Enthusiasts see the metaverse as the next generation of the internet, a virtual, interconnected reality seamlessly woven into our physical world. Thanks to AR and VR, the argument goes, real and virtual social, consumer, and business experiences will become intertwined. Gamers are already familiar with this notion—albeit usually in two dimensions—but games are only the beginning. Millions of users now gather at virtual 3D concerts, shop in virtual malls with virtual currencies, and own fully customized virtual homes. They have innovative virtual experiences, such as Travis Scott’s concert on Fortnite. They also participate in a sizable and growing virtual-asset economy, buying, selling, and creating goods such as clothing, real estate, art, and currency. In 2021, more than $40 billion was spent on nonfungible tokens (NFTs)—certificates of ownership of digital assets—according to the Financial Times. Goldman Sachs predicts “as much as an $8 trillion opportunity on the revenue and monetization side” of the metaverse. Morgan Stanley likewise sees an $8 trillion metaverse market—in China alone.

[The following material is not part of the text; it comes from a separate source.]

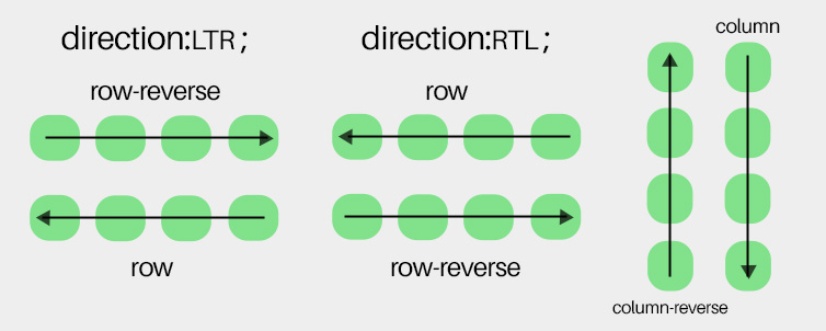 نکته: حتما توجه داشته باشید که مقدار flex-start و flex-end چیدمان را از ابتدا و انتها المان شروع می کند. اگر چیدمان المان راست به چپ باشد (direction: rtl;) ابتدای المان سمت راست و انتهای آن سمت چپ می شود. اگر چیدمان المان چپ به راست باشد (direction: ltr;) ابتدای المان سمت چپ و انتهای آن سمت راست می شود. برای درک بهتر، نمونه کد زیر را مشاهده کنید.

Others are more circumspect. While they don’t deny the attractions of decentralized finance and the internet iteration known as Web3—or the activity each has spawned—they point to the long history of financial bubbles. They also cite, as a good reason to hedge one’s bets, the absence of easy to traverse bridges between the world of cryptocurrencies and the “real” economy where fiat currencies rule.
Companies tap into the metaverse in a rudimentary way when they hold meetings using virtual-conferencing apps such as Zoom or Microsoft Teams. Indeed, much of the value of the metaverse may ultimately lie not in consumer but in business applications, such as virtual meetings and training sessions, new-product design capabilities, or the ability to give customers the experience of a virtual home or vehicle before buying a real one.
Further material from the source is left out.